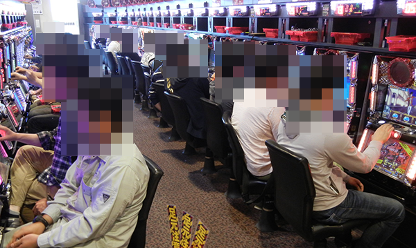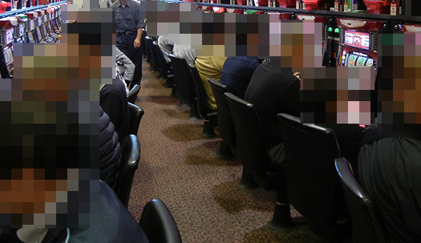 どちらの機種でも満足そうなプレイヤーは確認できたが、とくに「CR牙狼 魔戒ノ花」のシマは台数が多いこともあり、より迫力のある光景が広がっていた。
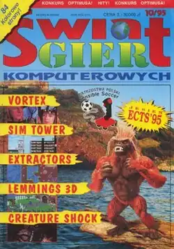 Świat Gier Komputerowych (English: Computer Games World) was a Polish video gaming magazine. Its first issue was released on 14 December 1992 as an addition to the Amiga magazine Amigowiec (deemed the 8-page 0th issue).[1] The permanent editorial team consisted of about 15 people. The first editor-in-chief was Mirosław Domosud, but he was replaced by Piotr Pieńkowski, who held this position until the paper was discontinued. It was intended mainly for older players, written in a more formal style than competitors such as Top Secret and CD-Action. In February 1997, the 50th issue was issued, while April 2001 saw the hundredth issue be published. The magazine celebrated its tenth anniversary in February 2003, being the only such magazine on the market to reach this milestone. The last issue appeared in July 2003 as a double. The decision was due to the unsatisfactory sales of the magazine, around 50,000 copies per month.[2] After its dissolution, an attempt was made to revive the paper as Nowy Świat Gier Komputerowych, however this only lasted for two months.[3][4]
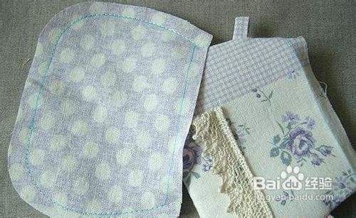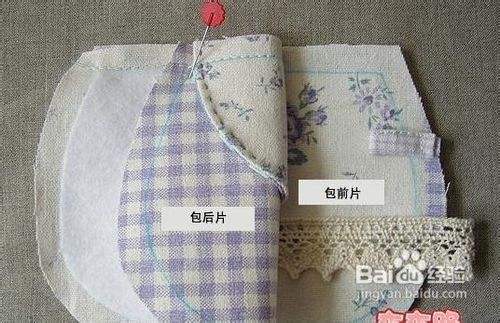 花边跟挂绳固定在包包表布的合适位置,固定好。
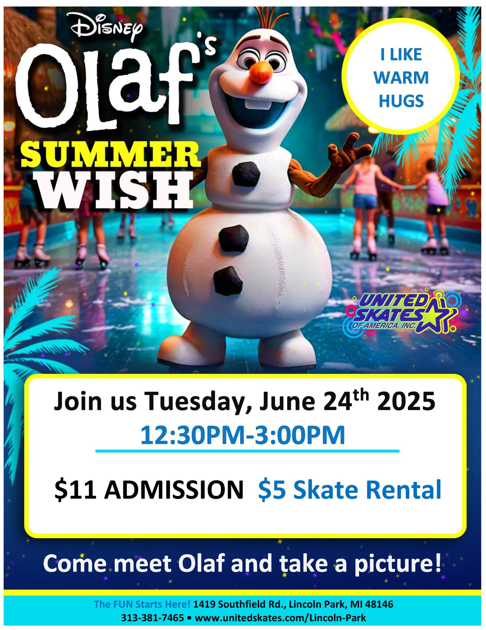 It's all about Olaf! Come and experience the joy as this lovable snowman celebrates the warmth of summertime! Join us for a delightful time meeting Olaf, who can't help but spread happiness wherever he goes Tuesday, June 24th 12:30pm-3:00pm Admission $11.00 Skate Rental $5.50 |
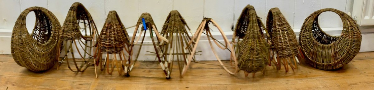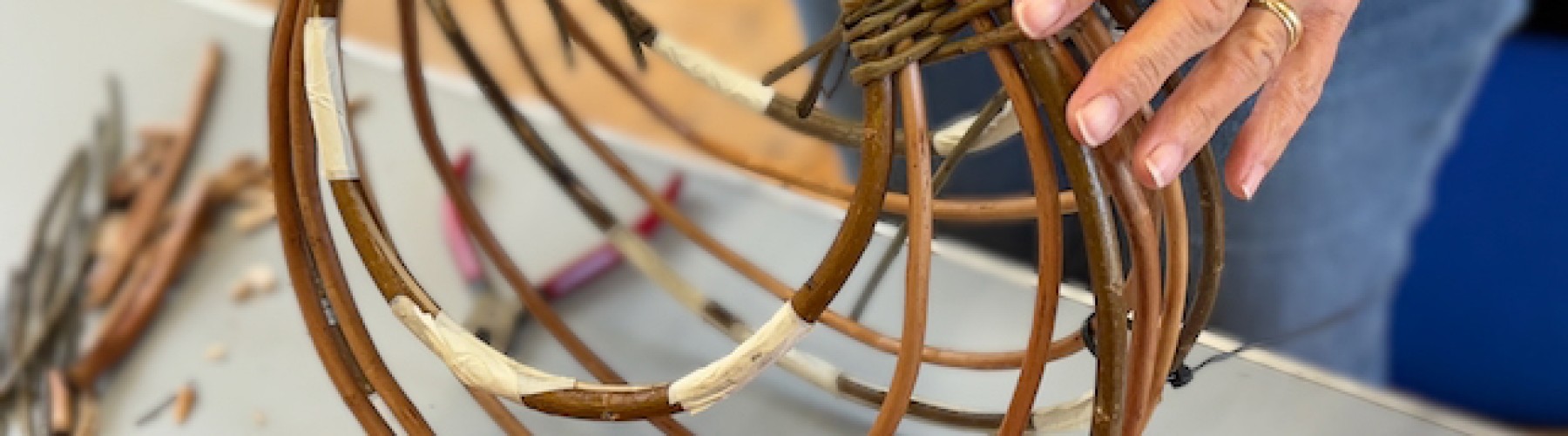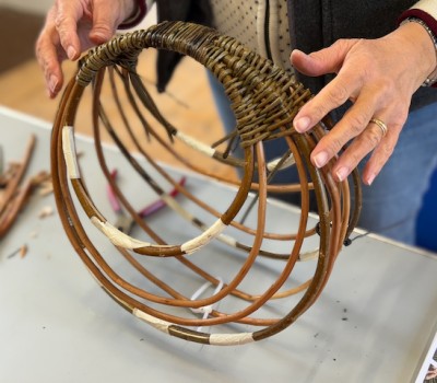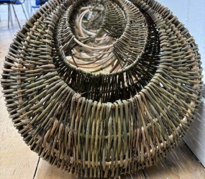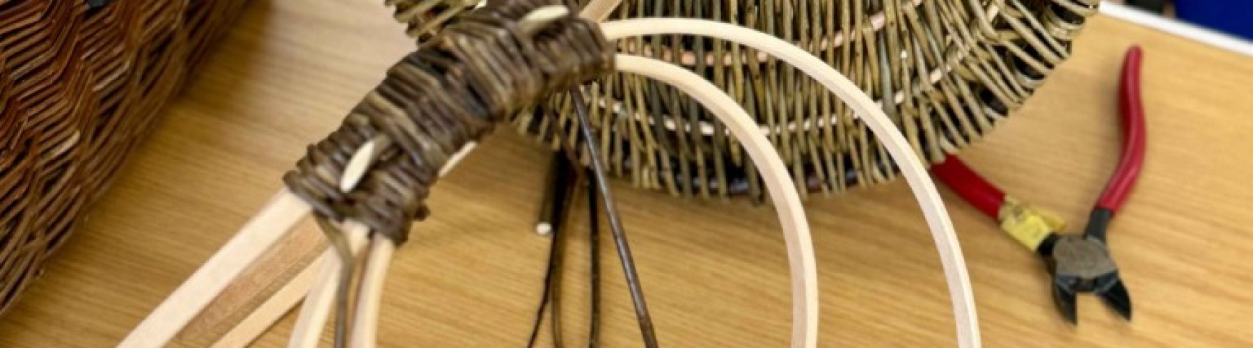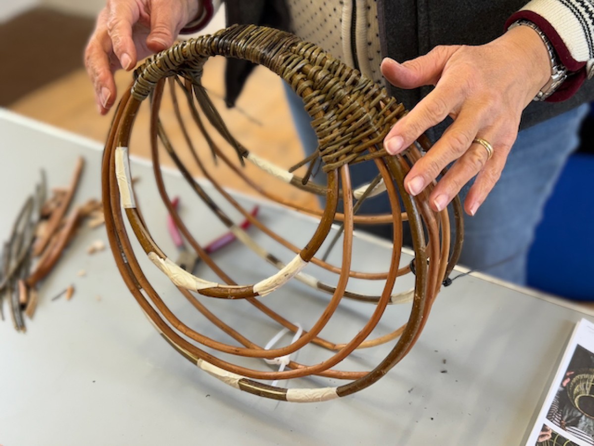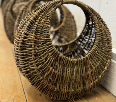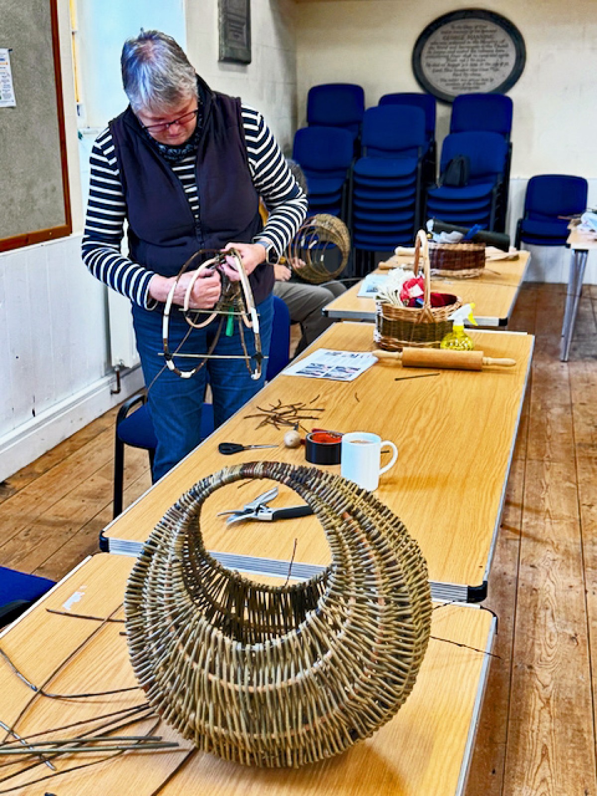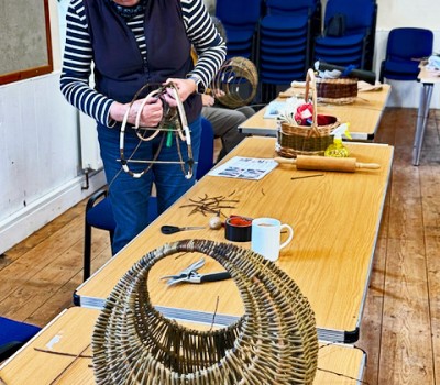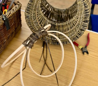 Eden Valley Basketry Group concentrated on making hen baskets at their October meeting. They used both willow hoops and an alternative material, in this case, embroidery frames. Eight members took part and they had prepared by reading the chapter on her foraging basket in Jenny Crisp’s book ‘Willow’. A sample basket was prepared by group leader, Elaine Blackett-Ord, and guidance given. Although quite challenging for some, it was very much appreciated that their baskets could be finished at home in their own time. The embroidery hoops proved challenging, particularly at the handle point, but great progress was made all round.

________________________________________

Directions for this task:
Your answer must be the lines above from the one holding "Świat Gier Komputerowych (English: Computer" up to and including the one holding "花边跟挂绳固定在包包表布的合适位置,固定好。", exact and with no pictures.

Solved problem:
 Świat Gier Komputerowych (English: Computer Games World) was a Polish video gaming magazine. Its first issue was released on 14 December 1992 as an addition to the Amiga magazine Amigowiec (deemed the 8-page 0th issue).[1] The permanent editorial team consisted of about 15 people. The first editor-in-chief was Mirosław Domosud, but he was replaced by Piotr Pieńkowski, who held this position until the paper was discontinued. It was intended mainly for older players, written in a more formal style than competitors such as Top Secret and CD-Action. In February 1997, the 50th issue was issued, while April 2001 saw the hundredth issue be published. The magazine celebrated its tenth anniversary in February 2003, being the only such magazine on the market to reach this milestone. The last issue appeared in July 2003 as a double. The decision was due to the unsatisfactory sales of the magazine, around 50,000 copies per month.[2] After its dissolution, an attempt was made to revive the paper as Nowy Świat Gier Komputerowych, however this only lasted for two months.[3][4]
 花边跟挂绳固定在包包表布的合适位置,固定好。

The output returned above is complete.